> **EXERCISE**: Only the pictures are to be left out; set down the rest of the records exactly.

> **RECORDED DATA**:

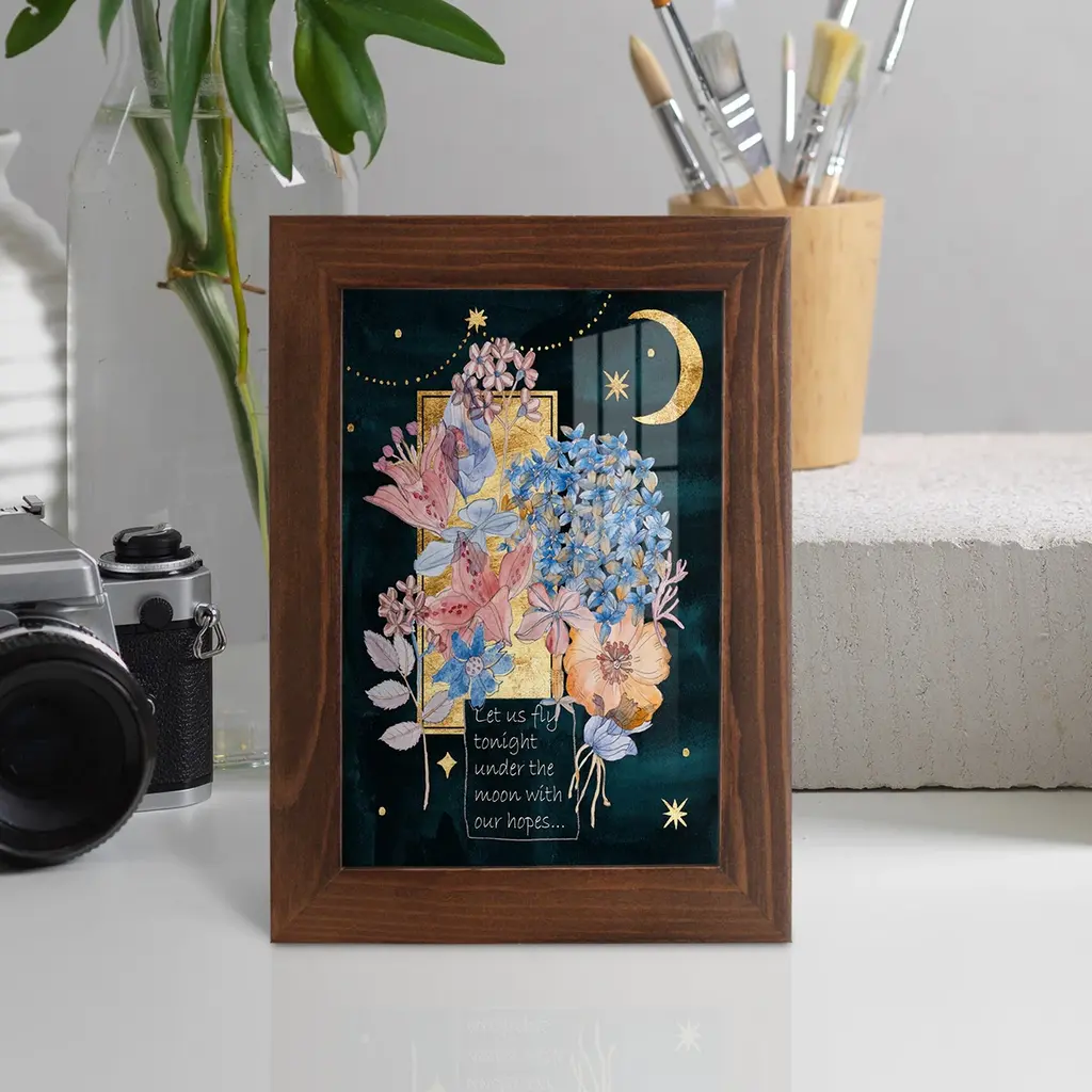 Moonlight Flowers I -EZ SWITCH Framed Print w/glass-Cherry Red A delightful, framed print. Featuring a solid wood frame with real wood glass. This premium print is giclee quality. In addition, every frame features a removable back and table top stand. This allows you to change your art in the future or to just stand the art on a table for a new look. We are sure you'll enjoy our new series of EZ SWITCH Framed Art. Solid Wood Frame Real Glass Removable / Replaceable Art Built in Tabletop Stand Sizes range from 4x6 up to 12x15 - buy just one or pair them up as sets as you see fit.
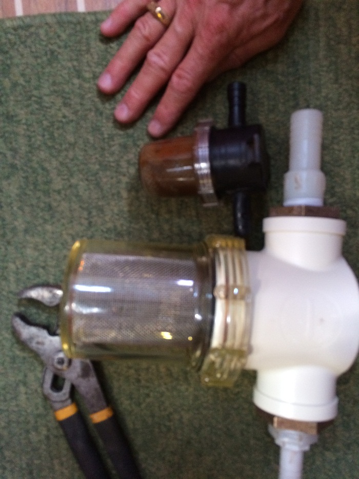 I also finally was able to install a new strainer for the water cooling for the freezer and fridge. The old one, and a pint sized one it was, kept clogging up and starving the water flow to the compressor. Not good and lead to a few overheat moments. Double not good. That would be for b0th the compressor and for me when I discovered the problem. Here’s a photo of just how teeny tiny the old one was. And, let me tell you, a ton of water pumps through this each day, especially when it’s hot.
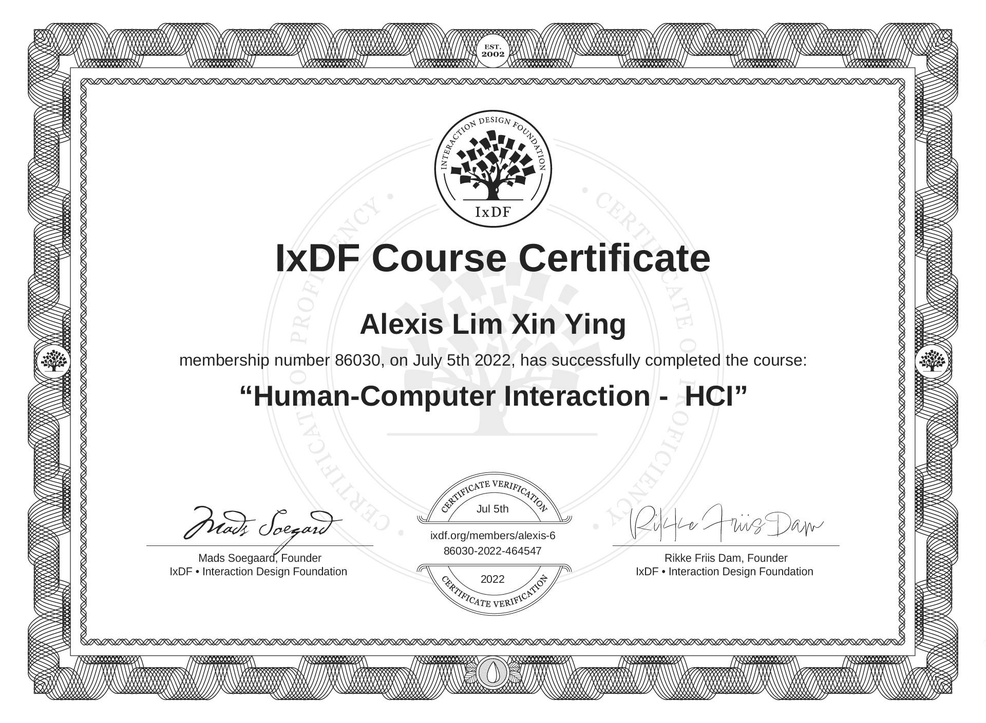 Alexis Lim Xin Ying's IxDF Course Certificate: Human-Computer Interaction - HCI
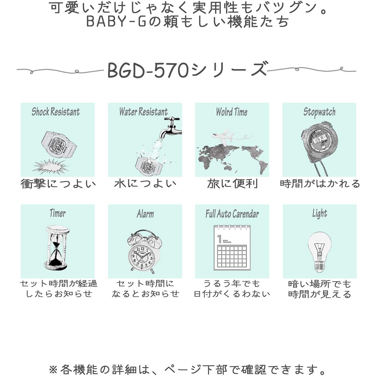 BABY-G, a casual watch for active women, introduces a new round face model with a classic look. The combination of square dial and round face gives it a retro and classic look. By keeping the entire item in one classic tone, you can create an item that gives off a sense of individuality while also being easy to match with a variety of fashion styles. By using a calming matte material, it has a clean look that is easier to wear. Introducing BABY-G, a basic outfit that goes well with everyday fashion. This is the pink model of BGD-570. ●Shockproof structure ●20 ATM waterproof function ●World time: Time display in 48 cities (29 time zones) around the world, with summer time setting function ●Stopwatch (1/100 second, 60 minute meter, with split) ●Timer (set unit: 1 minute, maximum setting: 24 hours, measured in 1 second increments) ●5 time alarms (only one with snooze function)・time signal ●Full auto calendar ●12/24 time format display switching ●Operation sound ON/OFF switching function ● EL backlight (with afterglow function) Brand introduction BABY-G is a casual women's watch brand born from G-SHOCK for active women. It has a shock-resistant structure that is resistant to shock and vibration, and is waterproof (over 10 atmospheres), making it safe for work around water or water sports, making it not only cute but also extremely practical.
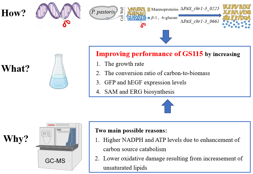 王小元教授团队胡晓清课题组在毕赤酵母底盘细胞设计改造方面取得重要进展,研究成果“Impact of cell wall polysaccharide modifications on the performance of Pichia pastoris: novel mutants with enhanced fitness and functionality for bioproduction applications”正式发表于Microbial Cell Factories (IF = 6.4) ()。
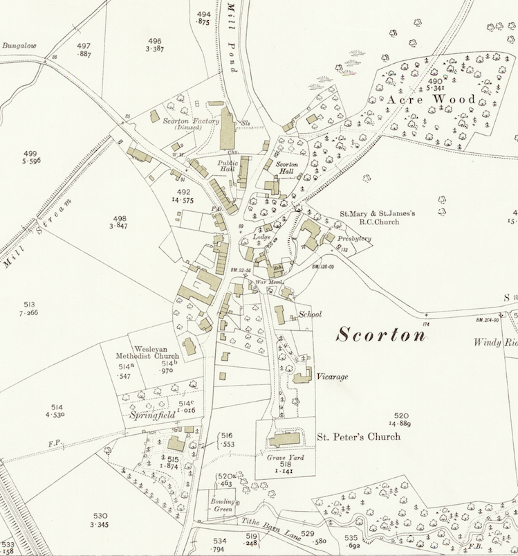 Scorton village as it was in 1932, downloaded from the archives of the National Library of Scotland https://maps.nls.uk/index.html
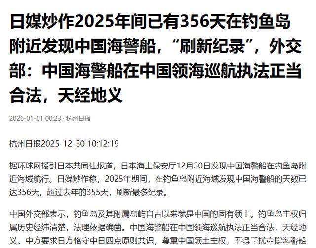 钓鱼岛问题同步升温的危险信号 就在日本外务省就台海演习发声的同时,日本海上保安厅也抛出消息,2025年中国海警船在钓鱼岛周边巡逻天数达356天,创下2012年以来新高。 日方随即炒作“局势日益严峻”,声称将“采取一切必要措施应对”。
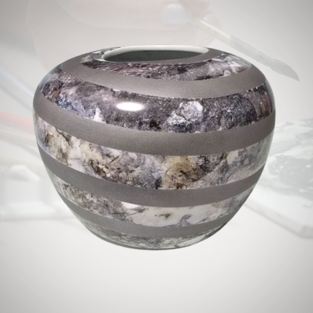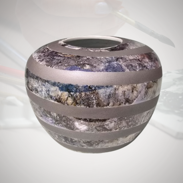 Vase en forme de pomme. Lustre posé puis bandes métalliques peintes. Idéal pour des bouquets ronds.
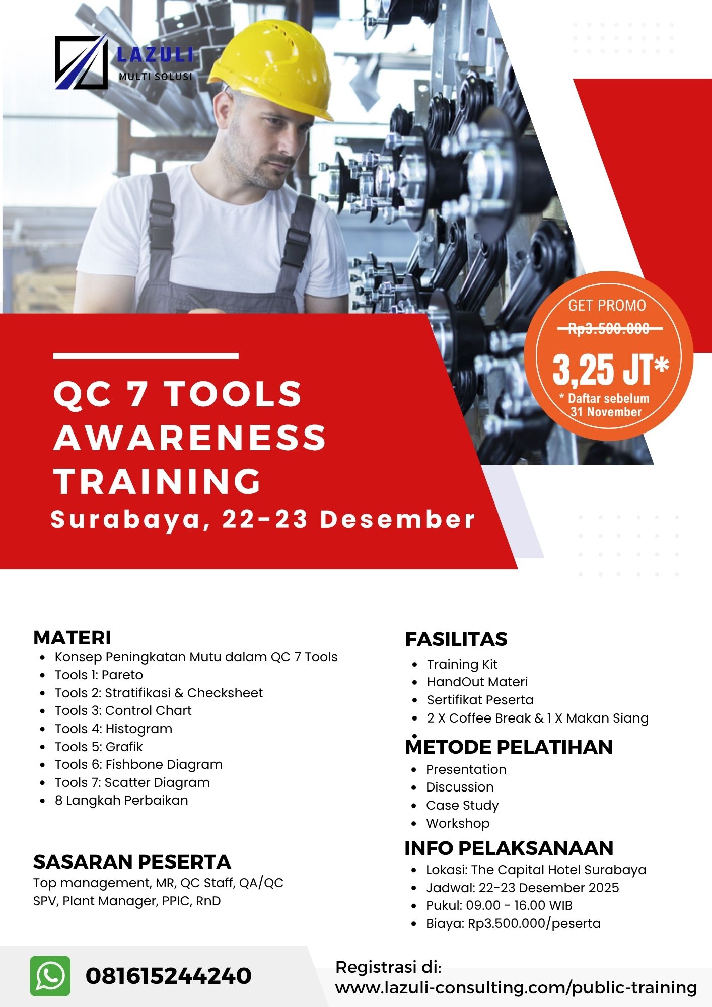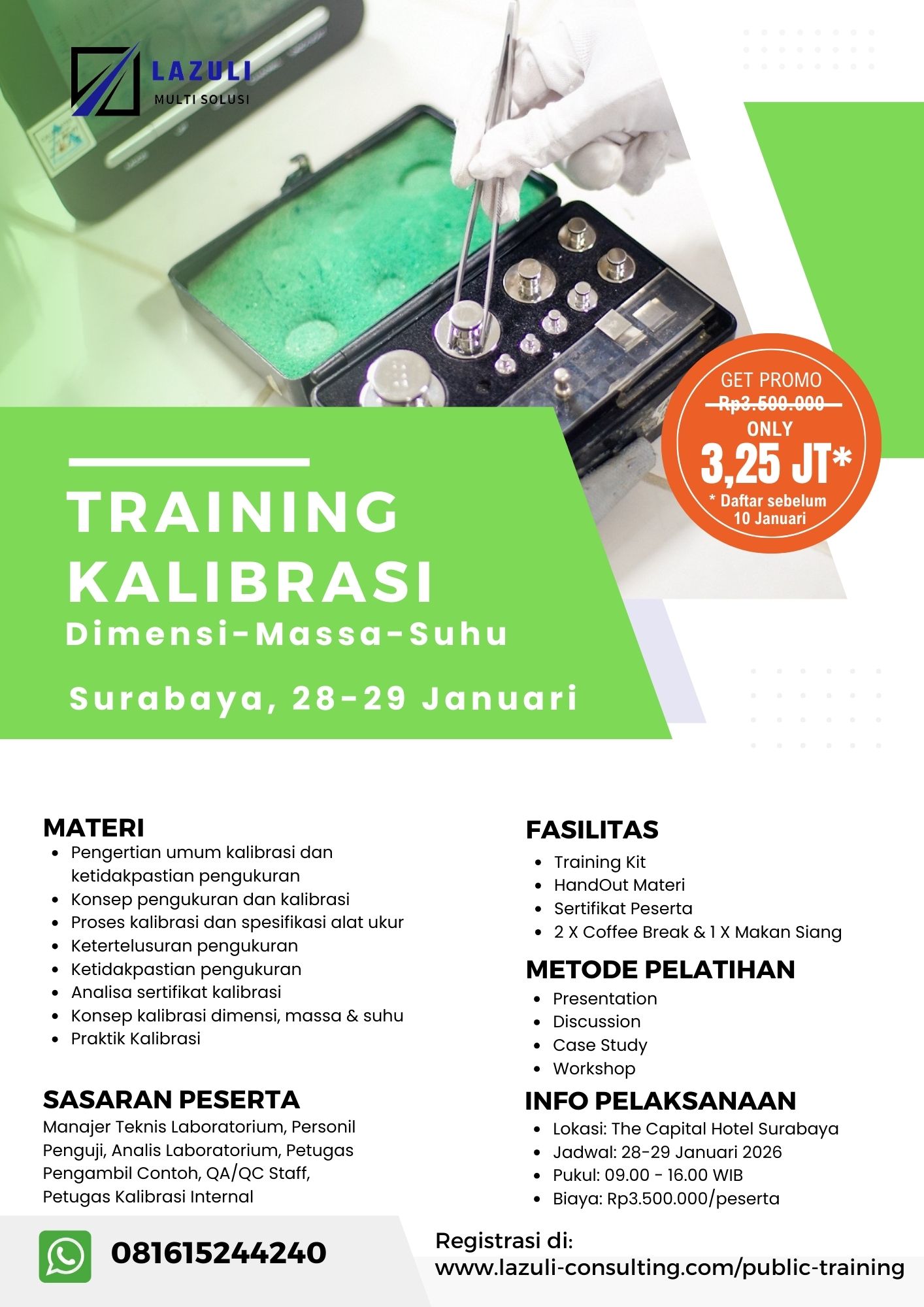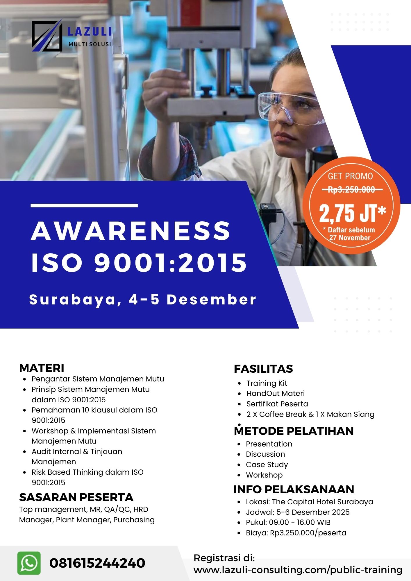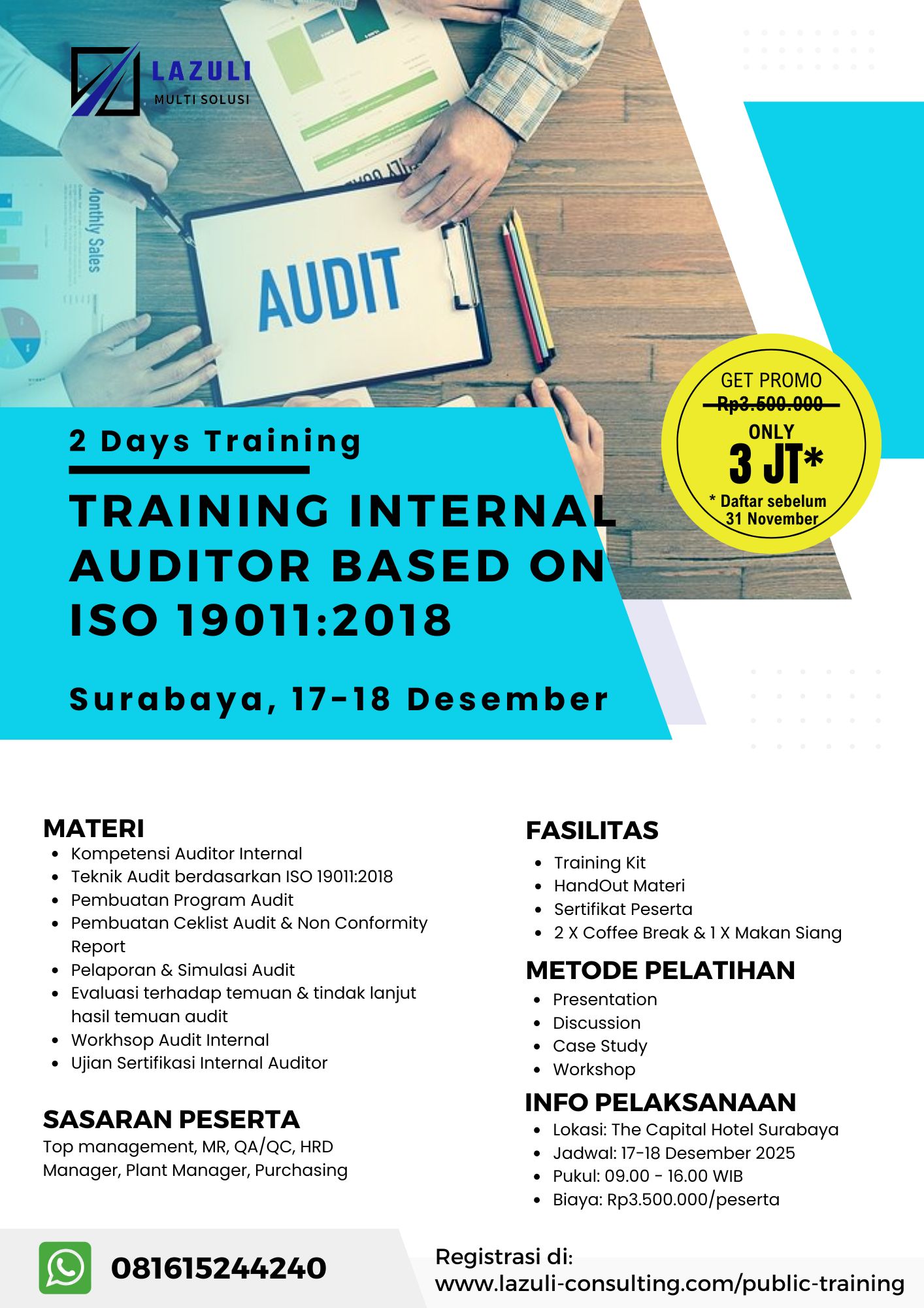 Public training surabaya | lazuli consulting Public Training November - Desember 2025 Download Kalender Public Training 2026 2 Days Training (28-29 Januari 2026)The Capital Hotel, Surabaya Kalibrasi Dimensi, Massa & Suhu Daftar 2 days Training (17-18 Desember 2025)The Capital Hotel, Surabaya Internal Auditor Based on ISO 19011:2018 Daftar 2 days Training (22-23 Desember 2025)The Capital Hotel Surabaya QC 7 Tools Awareness Training Daftar 2 days Training (4-5 Desember 2025)The Capital Hotel, Surabaya Training Awareness ISO 9001:2015 Daftar 2 days Training (29-30 Desember 2025)The Capital Hotel, Surabaya Warehouse Management Daftar
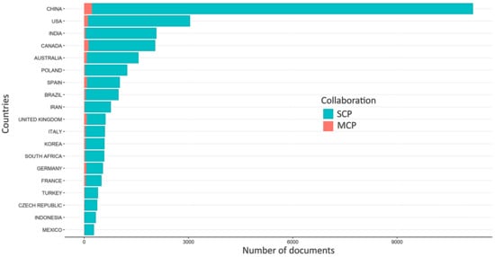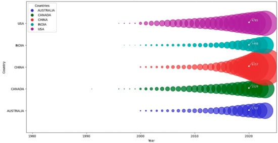 The analysis of single-country populations (SCP) and multiple-country populations (MCP) offers a deeper insight into a country’s scientific research capabilities. Over the study period (1980–2023), China emerged as a frontrunner with the highest MCP, totaling 225 articles, and the highest SCP, encompassing 10,957 articles. In contrast, Canada exhibited a slightly higher MCP (127) compared to the USA (108), as indicated in Figure 11. This dichotomy implies that Chinese and Canadian researchers actively engaged in international collaborations, while their American counterparts predominantly pursued independent research efforts.
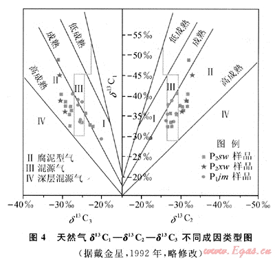 結(jié)合天然氣樣品在δ13C113C213C3關(guān)系圖版(圖4)上的分布特征,可綜合判定研究區(qū)佳木河組分布有干酪根初次裂解而成的煤型氣和混源氣2種天然氣,下烏爾禾組天然氣均為原油二次裂解而成的油型氣,而上烏爾禾組三者皆有分布。

> **WRITTEN SOLUTION**:
 Moonlight Flowers I -EZ SWITCH Framed Print w/glass-Cherry Red A delightful, framed print. Featuring a solid wood frame with real wood glass. This premium print is giclee quality. In addition, every frame features a removable back and table top stand. This allows you to change your art in the future or to just stand the art on a table for a new look. We are sure you'll enjoy our new series of EZ SWITCH Framed Art. Solid Wood Frame Real Glass Removable / Replaceable Art Built in Tabletop Stand Sizes range from 4x6 up to 12x15 - buy just one or pair them up as sets as you see fit.
 I also finally was able to install a new strainer for the water cooling for the freezer and fridge. The old one, and a pint sized one it was, kept clogging up and starving the water flow to the compressor. Not good and lead to a few overheat moments. Double not good. That would be for b0th the compressor and for me when I discovered the problem. Here’s a photo of just how teeny tiny the old one was. And, let me tell you, a ton of water pumps through this each day, especially when it’s hot.
 Alexis Lim Xin Ying's IxDF Course Certificate: Human-Computer Interaction - HCI
 BABY-G, a casual watch for active women, introduces a new round face model with a classic look. The combination of square dial and round face gives it a retro and classic look. By keeping the entire item in one classic tone, you can create an item that gives off a sense of individuality while also being easy to match with a variety of fashion styles. By using a calming matte material, it has a clean look that is easier to wear. Introducing BABY-G, a basic outfit that goes well with everyday fashion. This is the pink model of BGD-570. ●Shockproof structure ●20 ATM waterproof function ●World time: Time display in 48 cities (29 time zones) around the world, with summer time setting function ●Stopwatch (1/100 second, 60 minute meter, with split) ●Timer (set unit: 1 minute, maximum setting: 24 hours, measured in 1 second increments) ●5 time alarms (only one with snooze function)・time signal ●Full auto calendar ●12/24 time format display switching ●Operation sound ON/OFF switching function ● EL backlight (with afterglow function) Brand introduction BABY-G is a casual women's watch brand born from G-SHOCK for active women. It has a shock-resistant structure that is resistant to shock and vibration, and is waterproof (over 10 atmospheres), making it safe for work around water or water sports, making it not only cute but also extremely practical.
 王小元教授团队胡晓清课题组在毕赤酵母底盘细胞设计改造方面取得重要进展,研究成果“Impact of cell wall polysaccharide modifications on the performance of Pichia pastoris: novel mutants with enhanced fitness and functionality for bioproduction applications”正式发表于Microbial Cell Factories (IF = 6.4) ()。
 Scorton village as it was in 1932, downloaded from the archives of the National Library of Scotland https://maps.nls.uk/index.html
 钓鱼岛问题同步升温的危险信号 就在日本外务省就台海演习发声的同时,日本海上保安厅也抛出消息,2025年中国海警船在钓鱼岛周边巡逻天数达356天,创下2012年以来新高。 日方随即炒作“局势日益严峻”,声称将“采取一切必要措施应对”。
 Vase en forme de pomme. Lustre posé puis bandes métalliques peintes. Idéal pour des bouquets ronds.
 Public training surabaya | lazuli consulting Public Training November - Desember 2025 Download Kalender Public Training 2026 2 Days Training (28-29 Januari 2026)The Capital Hotel, Surabaya Kalibrasi Dimensi, Massa & Suhu Daftar 2 days Training (17-18 Desember 2025)The Capital Hotel, Surabaya Internal Auditor Based on ISO 19011:2018 Daftar 2 days Training (22-23 Desember 2025)The Capital Hotel Surabaya QC 7 Tools Awareness Training Daftar 2 days Training (4-5 Desember 2025)The Capital Hotel, Surabaya Training Awareness ISO 9001:2015 Daftar 2 days Training (29-30 Desember 2025)The Capital Hotel, Surabaya Warehouse Management Daftar
 The analysis of single-country populations (SCP) and multiple-country populations (MCP) offers a deeper insight into a country’s scientific research capabilities. Over the study period (1980–2023), China emerged as a frontrunner with the highest MCP, totaling 225 articles, and the highest SCP, encompassing 10,957 articles. In contrast, Canada exhibited a slightly higher MCP (127) compared to the USA (108), as indicated in Figure 11. This dichotomy implies that Chinese and Canadian researchers actively engaged in international collaborations, while their American counterparts predominantly pursued independent research efforts.
 結(jié)合天然氣樣品在δ13C113C213C3關(guān)系圖版(圖4)上的分布特征,可綜合判定研究區(qū)佳木河組分布有干酪根初次裂解而成的煤型氣和混源氣2種天然氣,下烏爾禾組天然氣均為原油二次裂解而成的油型氣,而上烏爾禾組三者皆有分布。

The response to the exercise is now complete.